HOW TO COMPLETE THIS TASK >> Out of the material that follows, write out exactly the lines from the line with "Lada frigorifica Heinner" to the line with "Die Stadtverwaltung wollte", both ends included, and no others.

SUPPLIED RECORDS >>
○ ○ ○ ○ ○ ○ ○
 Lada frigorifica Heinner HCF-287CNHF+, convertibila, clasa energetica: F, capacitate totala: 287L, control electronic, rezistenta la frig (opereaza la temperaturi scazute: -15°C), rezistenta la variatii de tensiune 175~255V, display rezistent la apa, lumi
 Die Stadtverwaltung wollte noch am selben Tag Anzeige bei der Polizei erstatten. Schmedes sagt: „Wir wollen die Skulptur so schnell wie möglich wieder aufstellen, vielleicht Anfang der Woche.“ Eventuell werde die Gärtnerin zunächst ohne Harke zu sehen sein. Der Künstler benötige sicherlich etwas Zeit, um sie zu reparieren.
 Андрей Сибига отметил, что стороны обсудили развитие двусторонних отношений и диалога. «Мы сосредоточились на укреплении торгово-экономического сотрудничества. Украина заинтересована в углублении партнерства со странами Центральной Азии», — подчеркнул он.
○ ○ ○ ○ ○ ○ ○
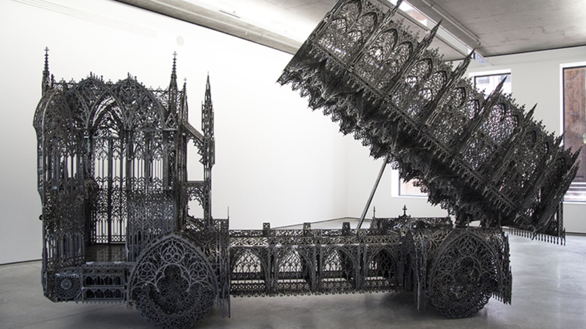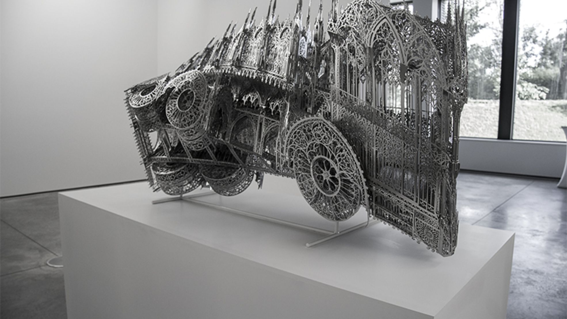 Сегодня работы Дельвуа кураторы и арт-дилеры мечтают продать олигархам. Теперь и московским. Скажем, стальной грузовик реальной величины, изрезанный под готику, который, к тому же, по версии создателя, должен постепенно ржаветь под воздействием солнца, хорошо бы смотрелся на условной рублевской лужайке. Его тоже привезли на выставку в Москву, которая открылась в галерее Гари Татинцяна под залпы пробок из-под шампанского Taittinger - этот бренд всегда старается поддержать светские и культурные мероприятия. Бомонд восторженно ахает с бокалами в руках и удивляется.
○ ○ ○ ○ ○ ○ ○
SOLUTION FOR THIS TASK >>
 Lada frigorifica Heinner HCF-287CNHF+, convertibila, clasa energetica: F, capacitate totala: 287L, control electronic, rezistenta la frig (opereaza la temperaturi scazute: -15°C), rezistenta la variatii de tensiune 175~255V, display rezistent la apa, lumi
 Die Stadtverwaltung wollte noch am selben Tag Anzeige bei der Polizei erstatten. Schmedes sagt: „Wir wollen die Skulptur so schnell wie möglich wieder aufstellen, vielleicht Anfang der Woche.“ Eventuell werde die Gärtnerin zunächst ohne Harke zu sehen sein. Der Künstler benötige sicherlich etwas Zeit, um sie zu reparieren.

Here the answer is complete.